Current classification adapting molecular techniques such as rRNA sequencing.
Zygomycota Overview
Characteristics:
Saprophytic molds utilizing nutrients from decaying matter.
Coenocytic hyphae with sporangiospores for asexual reproduction and zygospores for sexual reproduction.
Lifecycle Insights
Zygosporangium and Spore Formation: Diagrams illustrating the lifecycle of zygomycetes, depicting processes like karyogamy and meiosis leading to spore release.
Ascomycota Characteristics
Ascospores Production: Illustrated by ascomycete lifecycle further detailing the formation of asci and conidia.
Basidiomycota Profile
Club Fungi Features: Characterized by septate hyphae, producing basidia at hyphal ends, exemplified by mushrooms.
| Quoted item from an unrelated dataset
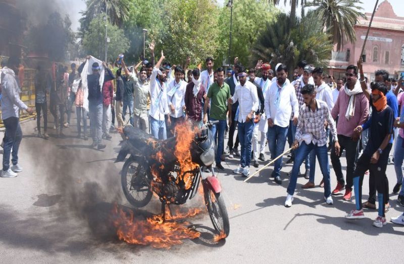 पूर्व मंत्री वीरेंद्र बेनीवाल, प्रदेश कांग्रेस सचिव जिया उर रहमान आरिफ और गजेंद्र सिंह सांखला ने कहा कि भाजपा की कथनी और करनी में अंतर है। इसी दौरान कार्यकर्ताओं ने मोटर साइकिल में आग लगा कर यह दर्शाया कि केंद्र सरकार की नीतियों के चलते उन्हें मोटरसाइकिल भी रख पाना मुश्किल हो गया है। उनका दूसरा संदेश था कि केंद्र सरकार की ओर से पेट्रोल डीजल के दामों पर कोई अंकुश न होने के कारण वाहनों में आग लगने की स्थिति है।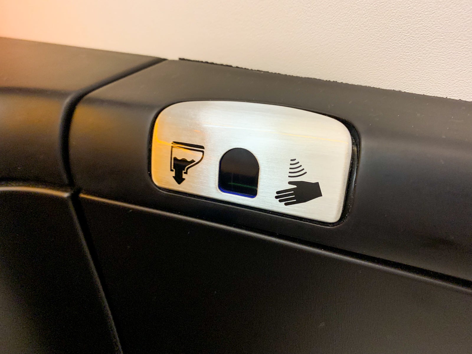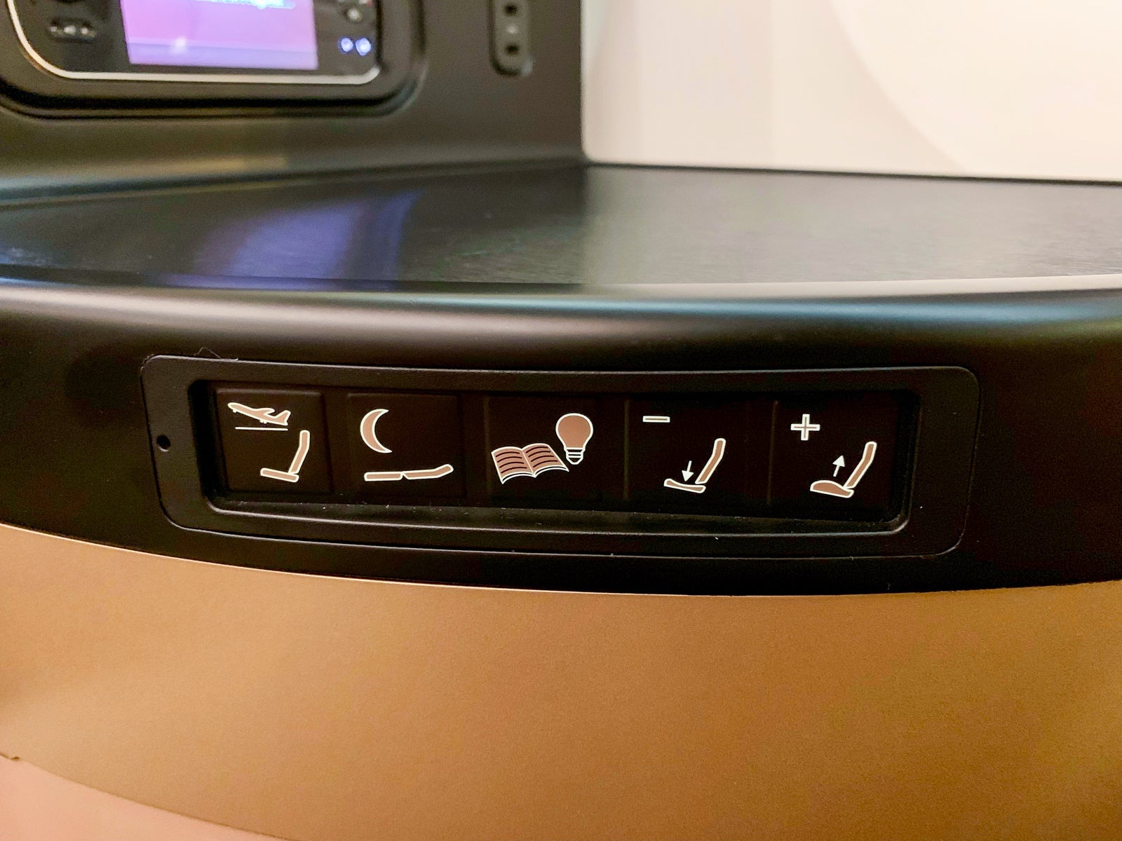 Along the edge of the table shelf was a smaller seat-control strip. It offered just a few of the essential functions to easily reach in bed mode.

Nutritional Adaptations of Fungi
Growth Conditions: Prefer slightly acidic environments, can tolerate higher osmotic pressures, and often thrive in low moisture.
Metabolic Capabilities: Competency in metabolizing complex carbohydrates, outpacing numerous bacteria in nutrient usage.
Common Fungi Summary
Overview of Reproductive Strategies: Includes distinctive forms of sexual and asexual reproduction across various fungi. Reference data for specifics on each fungal representative.